Celebrating Commencement Twice

"Getting a little carried away" with graduation. Hannah Grace Anderson celebrates with her brothers.

By Bob Holmes

December graduation at Columbia International University is a full day of celebration. Two commencement ceremonies are conducted; one on the main campus, and the other directly across the Broad River at the Kirkland Correctional Institution where the latest cohort of student-inmates graduate from the CIU Prison Initiative.

At the morning commencement on the main campus, CIU President Dr. Bill Jones conferred degrees on 123 students recognized for earning degrees from Associate of Arts to doctorates. The commencement speaker was CIU Professor of Church Ministries Dr. Andre Rogers, who is also a CIU alumnus. Rogers challenged the graduates from Romans, chapter 12, to offer up themselves as “living sacrifices,” to God, which includes their bodies, their minds, and their wills.  He also warned them not to compromise.
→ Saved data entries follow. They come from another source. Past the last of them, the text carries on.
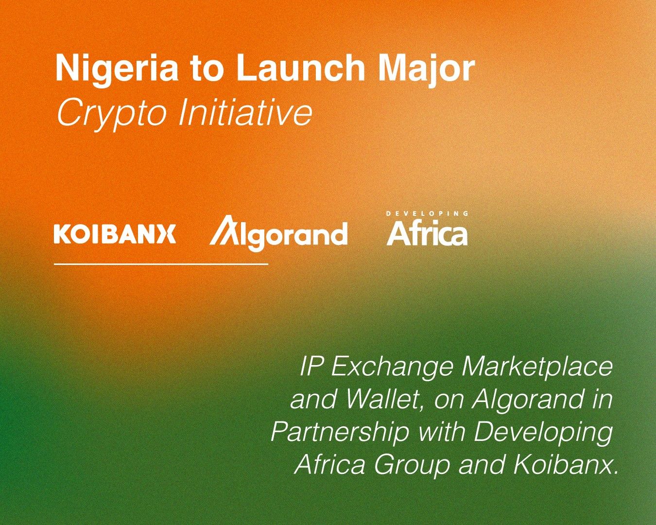 El gobierno de Nigeria firmó un acuerdo exclusivo de DPI (Derecho de Propiedad Intelectual) de 3 años con Developing Africa Group para lanzar una wallet nacional que permitirá la comercialización internacional de todos los formularios de Propiedad Intelectual que se creen y registren dentro del país, tanto a nivel local como internacional.
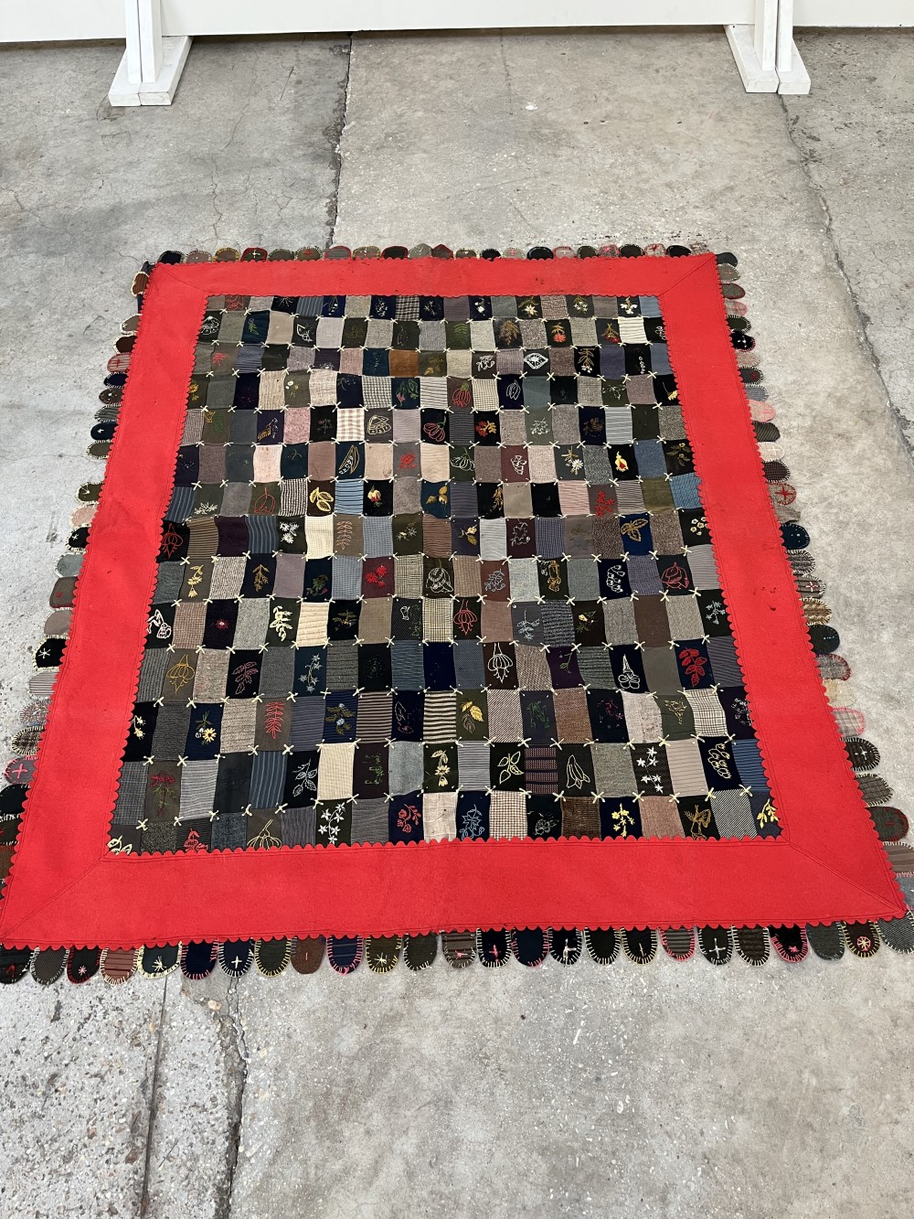 Hand tied using felt, velvet, wool and hand embroidered with a rare scalloped edge
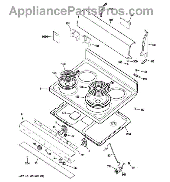 Cooktop box assembly for electric ranges. Houses and supports the cooktop surface. Replace if cracked, damaged, warped, or showing structural wear.
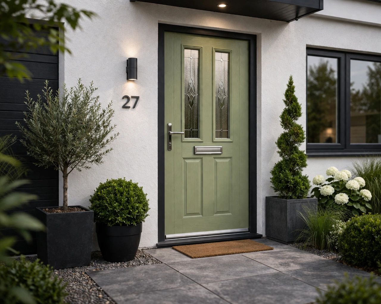 You can personalise your composite door with a variety of glazing styles, including decorative, frosted, and patterned glass.
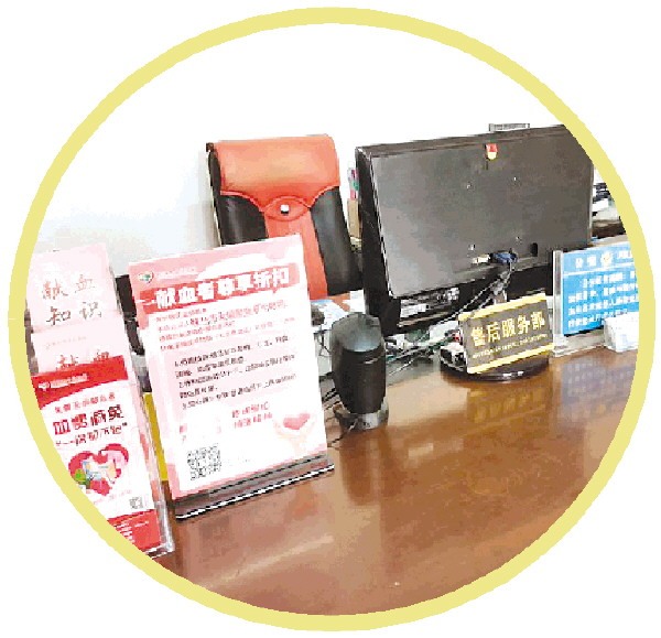 桂林博宇汽车维修有限公司内摆放着献血者专属折扣等宣传资料。
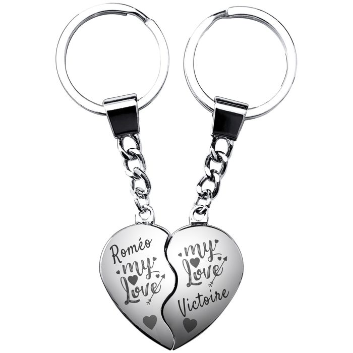 Porte clés couple : porte-clés gravé cœur valentin
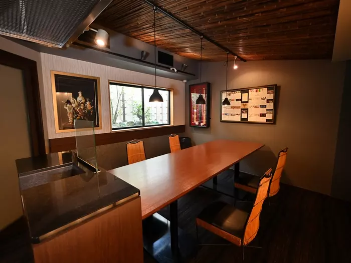 ビル内の長い通路の先に、ひっそりとお店が佇んでいます。街の喧騒が届かない落ち着いた空間は、まるで隠れ家のよう。黒を基調とした店内はカウンター席のみの構成で、横並びに座れば自然に会話も弾みそうです。目の前で繰り広げられるシェフの手捌きを眺めながら、非日常のひとときが過ごせます。

“My brothers and sisters, I pray that you never compromise,” Rogers said. “I pray that you don’t compromise your faith, your family, or the foundational truths that you have in your life. I pray that you will never, ever compromise.”

Hear Rogers' message at: http://podcast.ciu.edu/.
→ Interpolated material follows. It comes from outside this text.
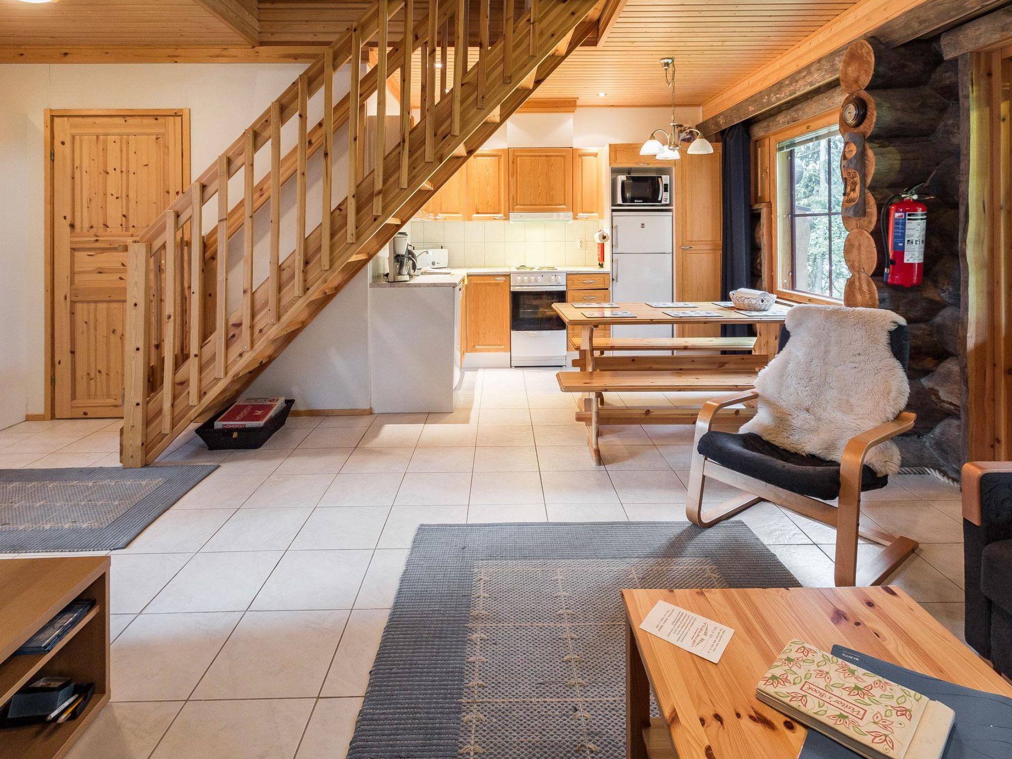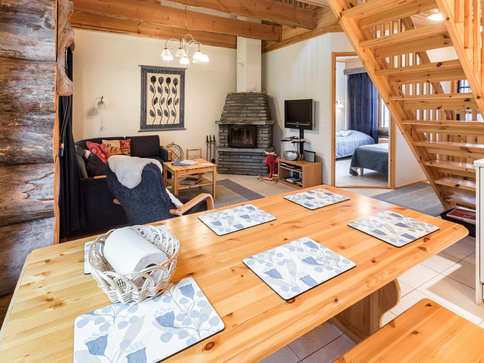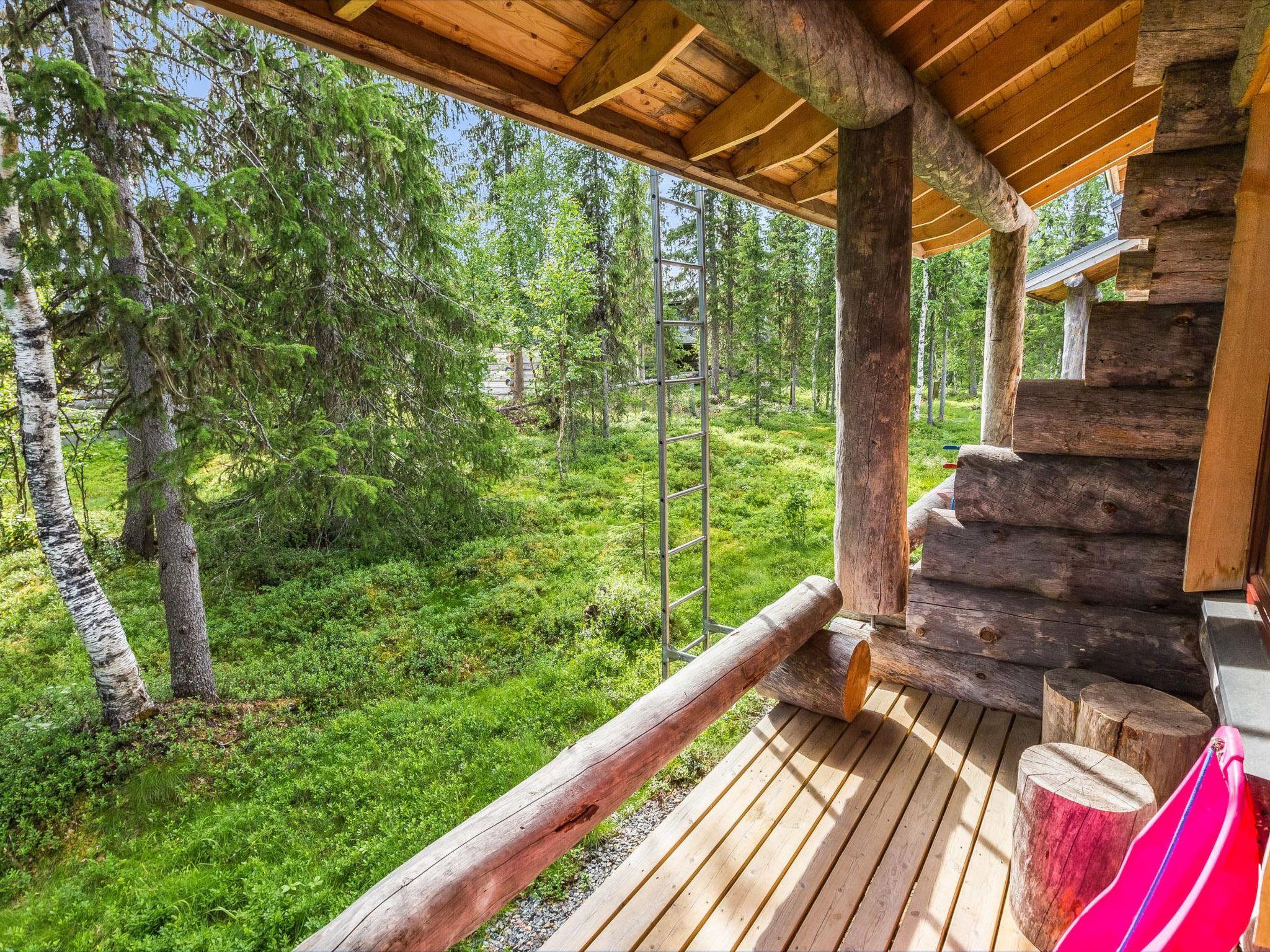 40 km north of Kolari, Lake Äkäslompolojärvi 1 km, swimming shore 2.5 km. Silverlog row house apartment 2008. Area 53 m² of which 11 m² on the loft. Living room/kitchen, 1 bedroom, both with 2 separate beds, in sleeping loft 2 separate beds, in living room/kitchen also convertible sofa/bed, sauna (electric stove), washroom/WC, sleeping loft has separate WC. The apartments share a ski maintenance room in the yard.

Before the diplomas were presented to the graduates, President Jones announced that a survey of the graduating class shows that 30 percent of them plan to enter the mission field, 30 percent church ministry and 40 percent the marketplace.   
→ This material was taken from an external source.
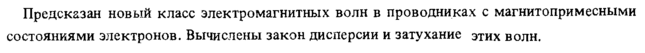 Предсказан новый класс электромагнитных волн в проводниках с магнитопримесными состояниями электронов. Вычислены закон дисперсии и затухание этих волн.
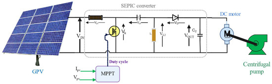 To ensure optimal operation of the GPV, it is necessary to adjust a solar water pumping system (SWPS) in such a way that the generator is forced to deliver its maximum power. Thanks to a static DC–DC converter, this function is ensured by providing an MPPT control system that acts on the converter’s duty cycle, thus ensuring optimal adaptation to the variation of the load characteristic. DC–DC converters are commonly used in renewable energy installations, including photovoltaic panels [16].They are employed to adapt the input voltage to the desired output voltage. In some cases, it is sufficient to lower or raise the output voltage; in other cases, it is better to use a controller that can lower or raise the voltage to achieve optimal energy extraction based on MPPT optimization algorithms [17].

That afternoon, 15 men in the CIU Prison Initiative donned cap and gown over their brown prison garb to receive Associate of Arts degrees. They will be assigned to state prisons throughout South Carolina to minister to fellow inmates as chaplain’s assistants.

CIU Chancellor Dr. George Murray challenged the graduating inmates that no matter what happens to them as they go out, that God is in control.

“He is doing His work, including the work He is doing in you and through you, even though you may not always see it,” Murray said. “And blessed is the man who trusts Him and does not fall away just because of the way our great God chooses to go about His business.”

A graduate named Daniel (full names are withheld because of security concerns), who spoke on behalf of the student-inmates, said that through the CIU Prison Initiative God has been “training cohorts of soldiers and sending them out all across South Carolina.”

“God has called us to change the South Carolina Department of Corrections,” Daniel said, “and that’s an honor.”